Now let's create and configure the Runner with our task agent:

In [None]:
# Initialize the Runner with your project hash
runner = Runner(project_hash="your-project-hash-here")

# Register the recaption_agent with a specific stage in your workflow
@runner.stage("Recaption Video")
def recaption_task(
    project: Project,
    label_row: Annotated[LabelRowV2, Annotated],
    task: AgentTask,
    frame_content: Annotated[np.ndarray, Annotated[dep_single_frame, {"frame": 0}]]
) -> str:
    return recaption_agent(project, label_row, task, frame_content)

## Running the Agent

Now we can run our agent on the project:

In [None]:
# Set to refresh every 60 seconds to continuously check for new tasks
runner(refresh_every=60)

## How It Works

### Workflow Requirements

For this notebook to work, your project should have:

1. An ontology with four text classifications:
   - A text classification for a human-created caption
   - Three text classifications for the LLM to fill in

2. A workflow with at least one agent stage named "Recaption Video" and at least two pathways:
   - "Completed" - for tasks that successfully generated captions
   - "No Human Caption" - for tasks that had no human caption to work with

### Process Flow

1. The Runner periodically checks for tasks in the "Recaption Video" stage
2. For each task, it loads the label row and checks if there's a human-created caption
3. If a caption exists, it sends the caption and the first frame to GPT-4o-mini
4. The LLM generates three alternative captions
5. The agent adds these captions to the label row and saves it
6. The task moves to the "Completed" pathway

### Agent Customization

You can customize this agent by:
- Changing the system prompt to get different types of rephrases
- Using a different LLM model
- Adjusting the temperature for more or less creative outputs
- Adding more classification fields for additional types of captions

## Conclusion

In this notebook, we created a task agent that automatically generates alternative captions for videos based on human-written descriptions.

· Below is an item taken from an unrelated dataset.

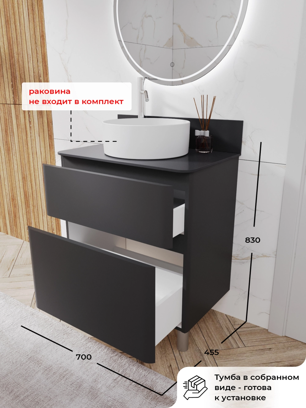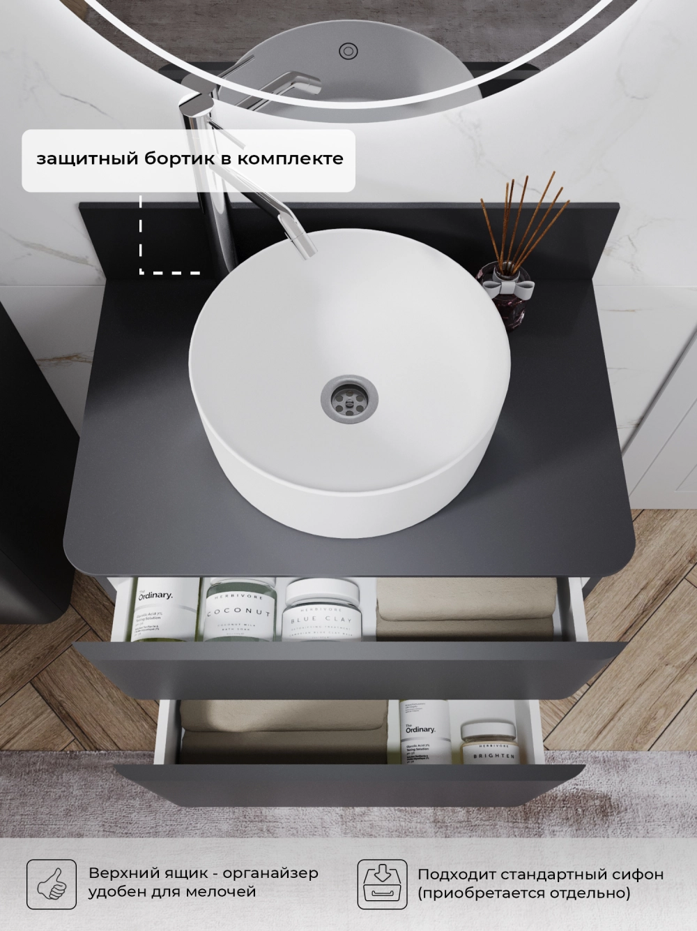 Напольная тумба со столешницей в ванную из коллекции Roberto - это сочетание современной стилистики и богатого функционала. Тумба для ванны изготовлена из прочного МДФ, поэтому выдерживает высокие эксплуатационные нагрузки и обеспечивает дополнительную защиту тумбы со столешницей от влаги и перепадов температуры. Качественная фурнитура с доводчиками обеспечивает легкое открывание и плавное закрывание ящиков. Вырез под сифон универсальный, для любого типа. Благодаря своей конструкции тумба обеспечивает удобный доступ к раковине и позволяет скрыть коммуникации. Тумба со столешницей в ванную оснащена удобным ящиком для хранения, что позволяет разместить всё необходимое под рукой. Ручки интегрированы в фасад, что исключает возможность случайного удара о фурнитуру. Для точного выбора тумбы со столешницей в ванную комнату рекомендуем обратиться к схеме замеров, которая находится на фото в карточке товара, размеры изделия могут отличаться +/-1 см в связи со спецификой производства. Тумба для ванной доставляется в предварительно собранном виде, надежно упакована.

The agent uses GPT-4o-mini to create diverse, natural, and concise rephrases of the original caption.

This approach can be extended to other use cases, such as:
- Generating descriptions in multiple languages
- Creating captions optimized for different purposes (marketing, accessibility, technical documentation)
- Building a dataset of varied descriptions for training computer vision models

By using the Encord Agent Task Runner, we've created a workflow that can process tasks in batches, automatically retry failed operations, and continuously monitor for new tasks.